März 2011 / Jörg Dames
Mögen unsere zum Test anstehenden Probanden durchaus schon zur ausgewachseneren Sorte Schallwandler zählen, die Rolle von Flaggschiffen - die STs markieren zusammen mit den SP 100 R2 aus der Classic-Serie das obere Ende der Spendor’schen Preisskala - scheint ihnen auf den ersten Blick dennoch nicht gerade auf den Leib geschneidert zu sein: Wo andere Hersteller mit ihren Kavenzmännern quasi bereits mit einem Beim im Immobiliengeschäft stehen, gehen die STs mit 28 Kilogramm je Box und 97 Zentimetern Scheitelhöhe eher als die Portis unter den Boxenflaggschiffen durch.
Was ich persönlich - ein Freund von „schwerer, tiefer, breiter“ bin ich generell nicht - eigentlich ganz sympathisch finde. Wem aber nun das Klischee vom „britischen Understatement“ durch den Kopf gehen sollte, dem sei gesagt, dass Spendor UST als Produktname sicherlich auch seinen Reiz hätte, ST tatsächlich aber, wie Spendor (deutscher Vertrieb: www.bt-vertrieb.de) wissen lässt, die Abkürzung fürs Wörtchen Statement darstellt.

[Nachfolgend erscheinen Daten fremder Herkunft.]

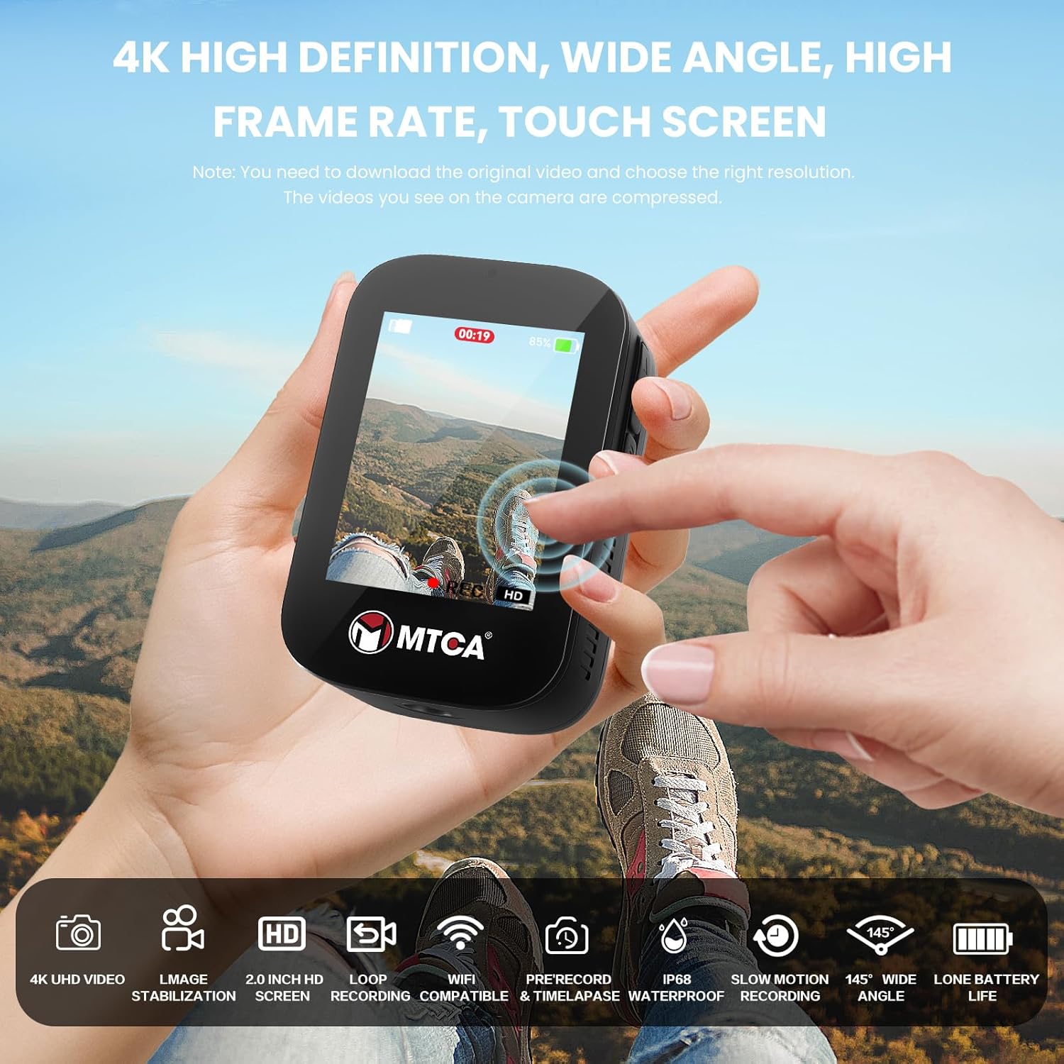 asika 4K Ultra HD Action Camera with Touch Screen-Waterproof Sports Camera,6-Axis Gyro Stabilization,145° Wide-Angle,Loop Recording for Vlogging,Cycling,Motorcycle(Supports Time-Lapse/Pre-Record)

Ob in diesem Zusammenhang nun „nomen est omen“ oder „Namen sind Schall und Rauch“ als Devise gilt, soll im Folgenden ergründet werden ...

Stand-Lautsprecher:
Spendor ST
Paarpreis: ab 7.990 Euro
Vertrieb:
B&T Hifi Vertrieb GmbH
Web:
www.bt-vertrieb.de
eMail:
team@bthifi.com
Telefon:
+49 (0) 2104 175560
Equipment:
Quelle:
Fonel Simplicité
Laptop mit foobar2000 im Verbund mit DA-Wandller Northstar USB dac32
Lautsprecher:
Thiel CS 3.7
Sehring S 703SE
Verstärker:
Vollverstärker:
Fonel Emotion
Vor-/Endverstärker:
Funk MTX Monitor V3b
Audionet AMP Monos
Kabel:
NF: Straight Wire Virtuoso, Vovox
LS: HMS Fortissimo, Reson LSC 350
Netz: Hifi-Tuning Powercord Gold inkl. IeGo-Konfektionierung, Netzleiste MF-Electronic
nomen est omen
oder namen
sind schall
und rauch?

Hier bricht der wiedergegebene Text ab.